Nice pictures , but i would have loved to see sexier food


----------



## Robin_Usagani (May 14, 2013)

Less is more.  You are trying too hard I think.  Trying to put everything in one frame does not work IMO.  Just pick ONE main subject, kinda make the other OOF.  The last shot with the pie is your best shot.  That is exactly what you need to do.  Also, the food does not look very good.  The mac and cheese look bad, string bean does not look fresh, grilled chicken does not look appetizing.


----------



## Tony S (May 14, 2013)

Get closer and focus in on one plate....... to many choices to look at here draw the eye all over the place. These show off the setting and food service ok, but as far as showcasing the food it misses out because there is just too much in each shot.


----------



## ryanwaff (May 14, 2013)

Personally I find all the images far too busy. And to be honest the food doesn't look particularly appetising or well presented. The best two shots to me are probably #3 and #4. Also, I dont find the lighting particularly flattering to the food, in 6/8 of the shots, the lighting is too harsh. Its needs more diffusal like in shots 3 and 4. But more!  

Quite a common trend nowadays with food photography - especially lifestyle food photography - is to use a wood board as a prop/ background coupled with a shallow DOF and very diffused lighting. 

As for your props - I don't think that they work at all. Shots 5,6 and 7 are such contrasts to the other shots. They simply do not fit with the style that is coming across in the other shots. the first few and last one look very crisp and clean and modern, whereas 5,6 and 7 look like a throwback from 50 years ago. The props simply don't work. And your colour scheme in them: blue tablecloth, with brownish/gold rustic window and glass plates on silver ware ontop of a granite slab? There is no coherence between the props. The fourth link I gave here speaks about coherent props. Also look into point number 8 here: 10 tips for food photography & styling | Drizzle and Dip it shows the colour wheel. Try matching colours that are next to each other on the colour wheel or directly opposite for complementary colours. Try to come up with some colour schemes that you can use with all of your food shots to add some coherence to all of them. 

Also the food is in need of styling, because at the moment it looks very unappetising in my opinion. Read this article: 6 Bittersweets: My Take on Food Styling and Photography it is quite in depth about styling your food. 

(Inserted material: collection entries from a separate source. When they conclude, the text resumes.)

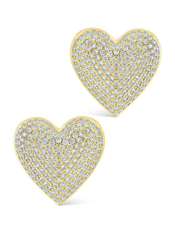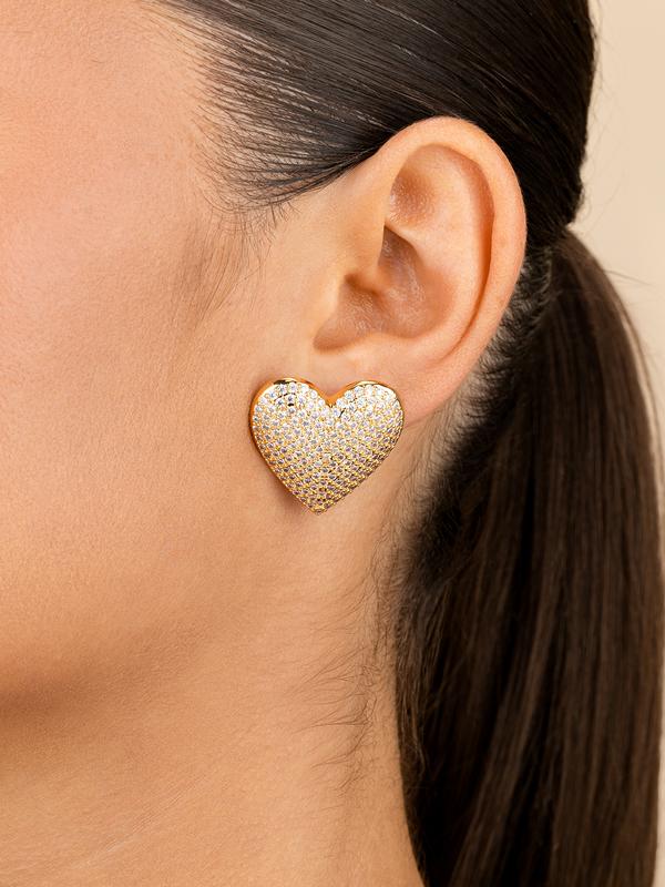 Disco Heart CZ Statement Stud Earrings with Heart-Shaped Design and Sparkling Accents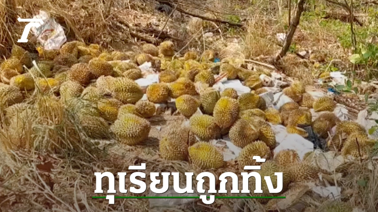 วันที่ 6 เมษายน 2566 ผู้สื่อข่าวเดินทางไปยังบริเวณ 5 แยกวัดป่าอัมพวัน หมู่ 11 ต.หนองรี อ.เมือง จ.ชลบุรี หลังมีชาวบ้านพบกองทุเรียนจำนวนมากกองอยู่ริมถนนเมื่อไปถึงพบว่ามีทุเรียนหลายขนาดถูกนำมาทิ้งไว้บางลูกอยู่ในตะกร้ารวมๆ กว่า 100 กิโลกรัม
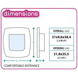 Be to, "Swing 5", 7, 9, 11 ir 15 modeliuose įrengtas 5 cm ilgio tunelis, todėl dureles galima pritaikyti prie bet kokio dizaino. Be to, "Swing 5", 9, 11 ir 15 modeliuose esančius tunelius galite apkirpti, kad jie geriau priglustų (apkirpimas netaikomas "Swing 7" modeliui, kuriame įrengtas švelnus magnetinis mechanizmas).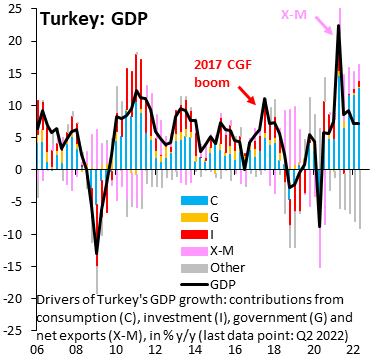 Dünyaca ünlü ünlü Uluslararası Finans Enstitüsü Başekonomisti Robin Brooks, gelişmekte olan ülke ekonomilerini değerlendirdi. Sosyal medya hesabından yaptığı grafikli paylaşımda Türkiye ekonomisine ilişkin verileri paylaştı. Türkiye'nin net ihracatının son 2 yılda GSYİH'ye olumlu katkıda bulunduğunun altını çizen Brooks, "Türkiye ekonomisi muazzam bir patlamayı yapabilir. dedi.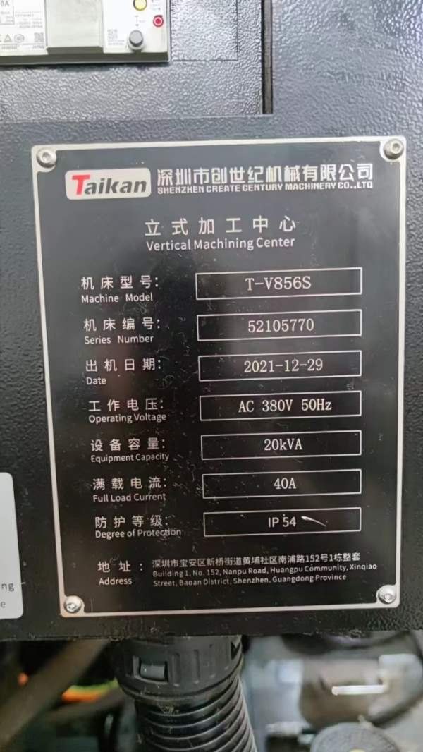 同款2台台群T-V856S立式加工中心年代: 2022年,使用时间2000多个小时系统:三菱M80主轴: BT40直连12000转24把私服机械手刀库三轴行程:800*550*600mm工作台尺寸:1000*500mm机床外形尺寸:2240*3100*2900mm机床重量:5000kg 信息编号:S521660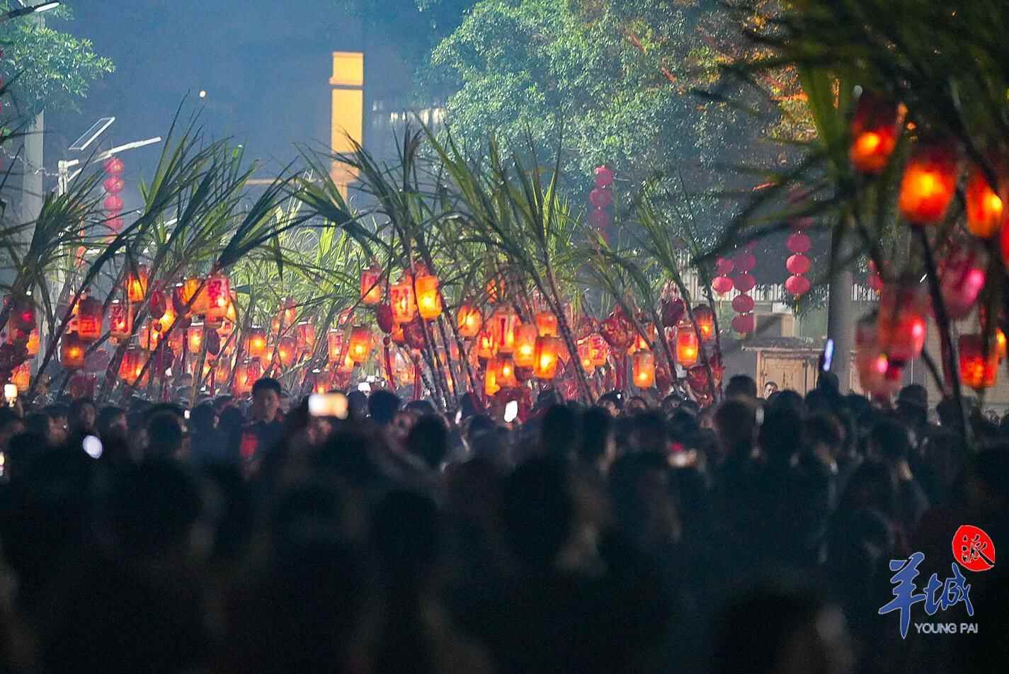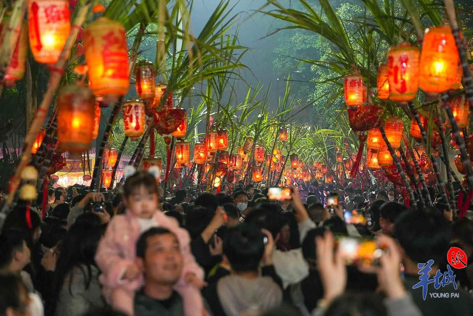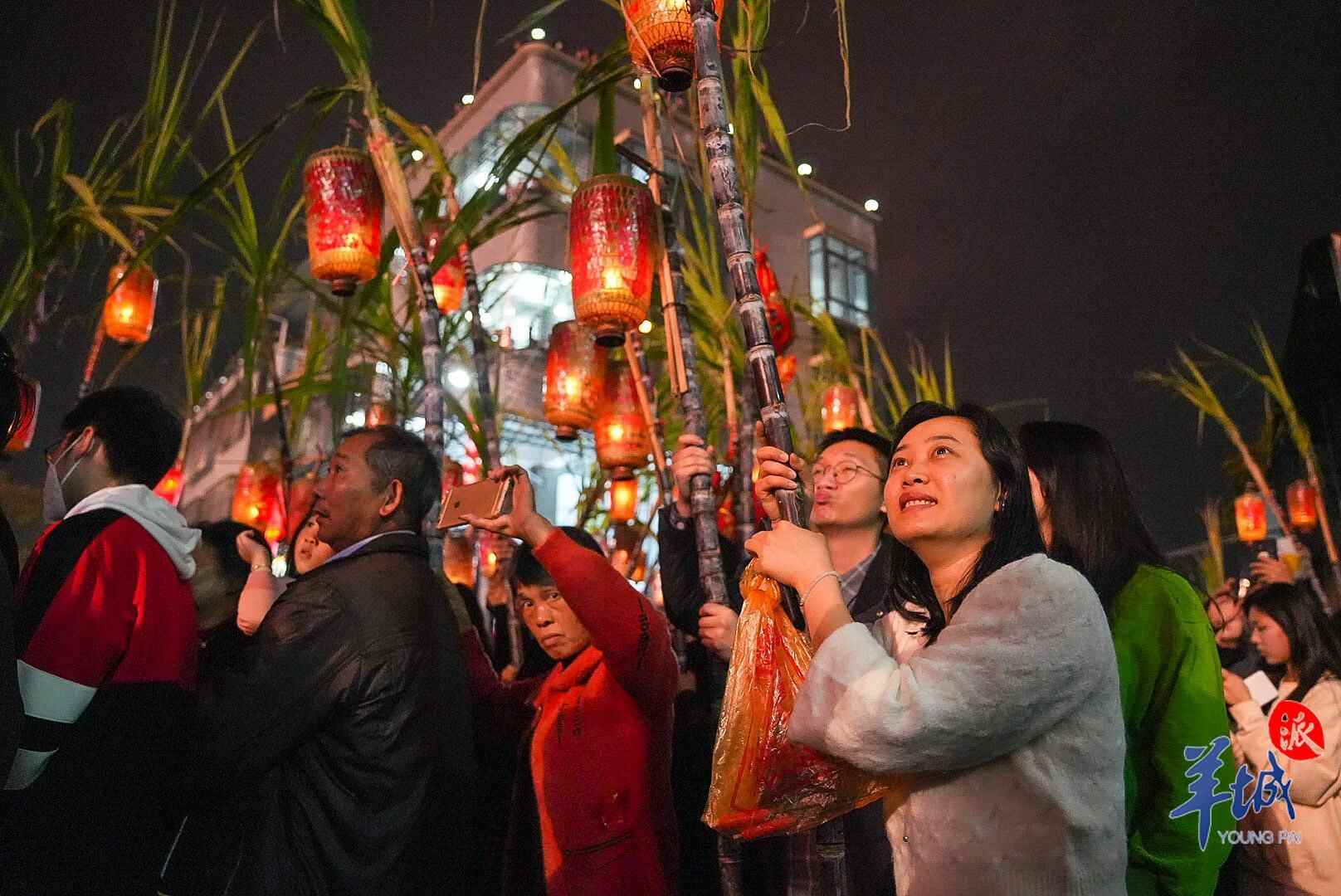#老广贺春#NewYearinLingnan With the gong music playing in the background and lanterns shining high above the sugarcane,a traditional folk cultural activity titled"Sugarcane Lane"was held in Xikou village,Xiangqiao district,Chaozhou city on February6.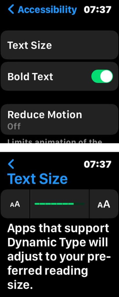 You also select what text size and boldness the Apple Watch uses here– so this is a critical step!

Work your way through these links and I think you will improve quite a bit 
These three are link heavy but contain a vast amount of info in their links.
1. Food Photography Tutorials
2. 45+ Food Photography and Food Styling Tips and Tutorials | Learn Food Photography and Food Styling
3. Food Photography Tips, Tricks, and Tutorials » Taylor Takes a Taste

These two are individual articles and the first one speaks quite a lot about props. 

4. Food Photography Tutorials: From Boring To Fab, Easy Styling Tutorial with Step-by-Step Illustrations | Food Photography by Spicie Foodie
5. 6 tips for making your food photography shine


----------